What the task asks ▸ What are the lines, copied exactly, from the one containing "O estudantes de" through the final line of the material? Leave the pictures out.

Available data ▸
Start of Block
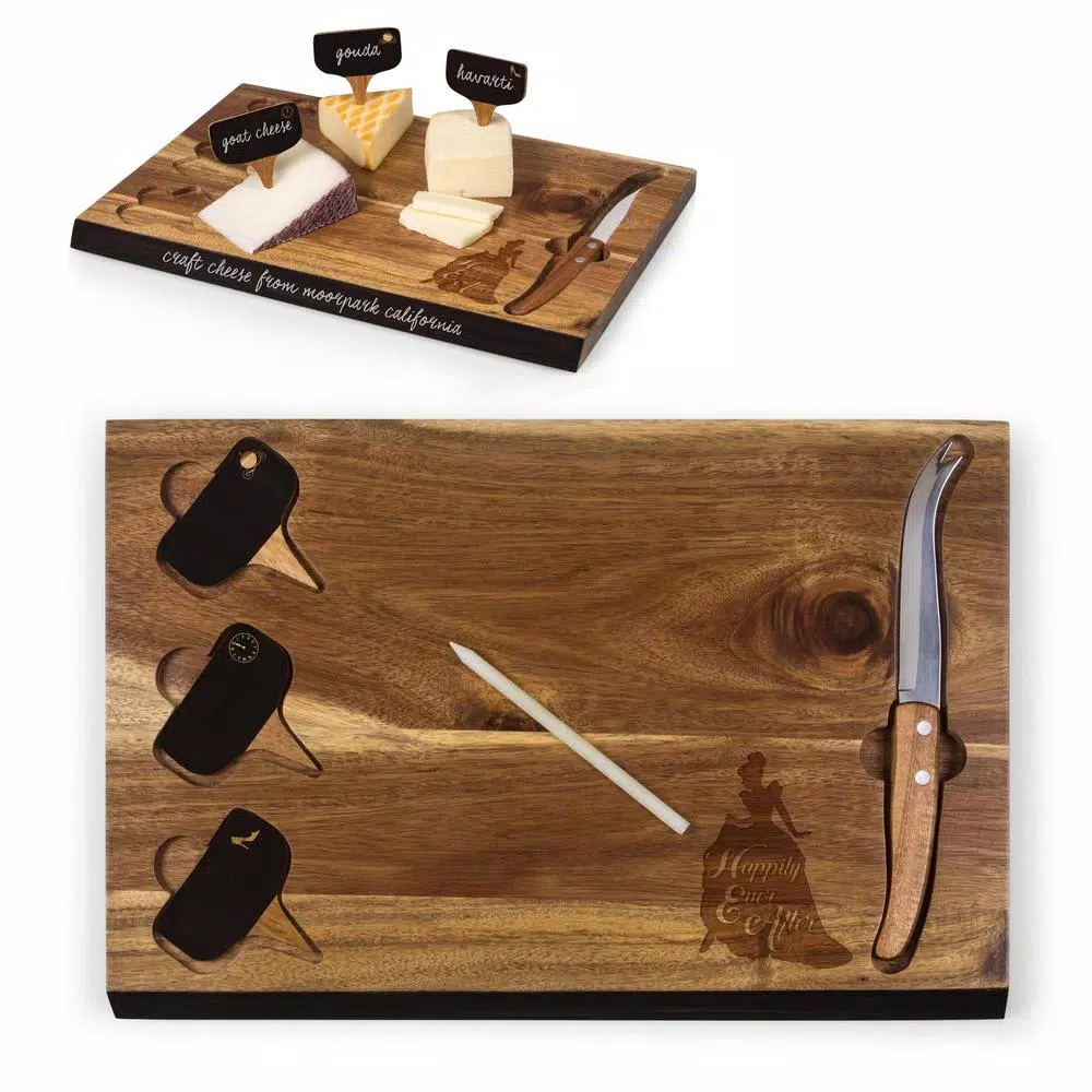 Elegance and simplicity abound in the Delio Acacia Cheese Board, a beautifully-designed acacia cheese platter with carved areas for the full-tang stainless steel fork-tipped cheese knife and three cute little chalkboard cheese markers. Simply use the included soapstone pencil to label your cheeses. And donโt forget to write your special message on the chalkboard area along the front edge of this unique cheese display!
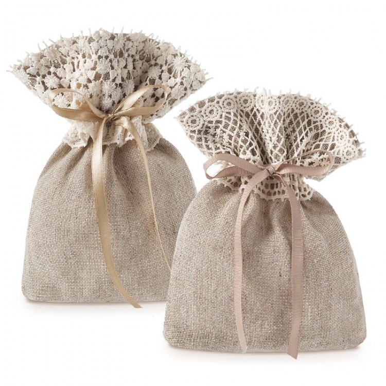 Λινό πουγκί σε καφέ απόχρωση με φάσα δαντέλα εκρού σε 2 σχέδια. Διαφορετικές διαστάσεις κατόπιν συνεννόησης
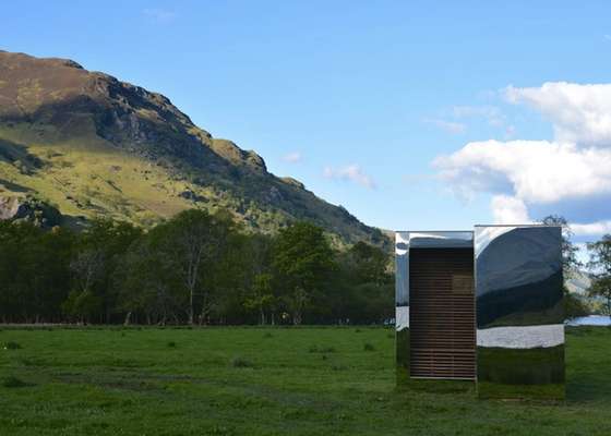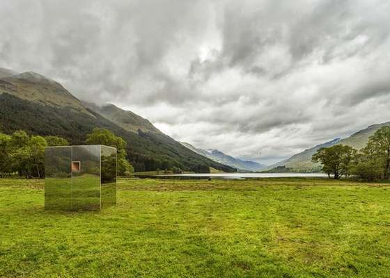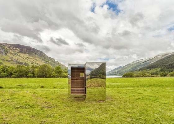 O estudantes de arquitetura Angus Ritchie e Daniel Tyler projetaram uma pequena casa espelhada em um parque nacional escocês. Ela reflete os vales e lagos que a circulam.
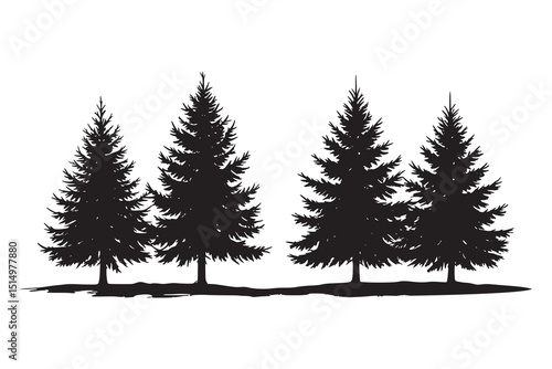 Silhouette of Pine Trees on Hill Landscape Vector Illustration
End of Block
Exercise solution ▸
 O estudantes de arquitetura Angus Ritchie e Daniel Tyler projetaram uma pequena casa espelhada em um parque nacional escocês. Ela reflete os vales e lagos que a circulam.
 Silhouette of Pine Trees on Hill Landscape Vector Illustration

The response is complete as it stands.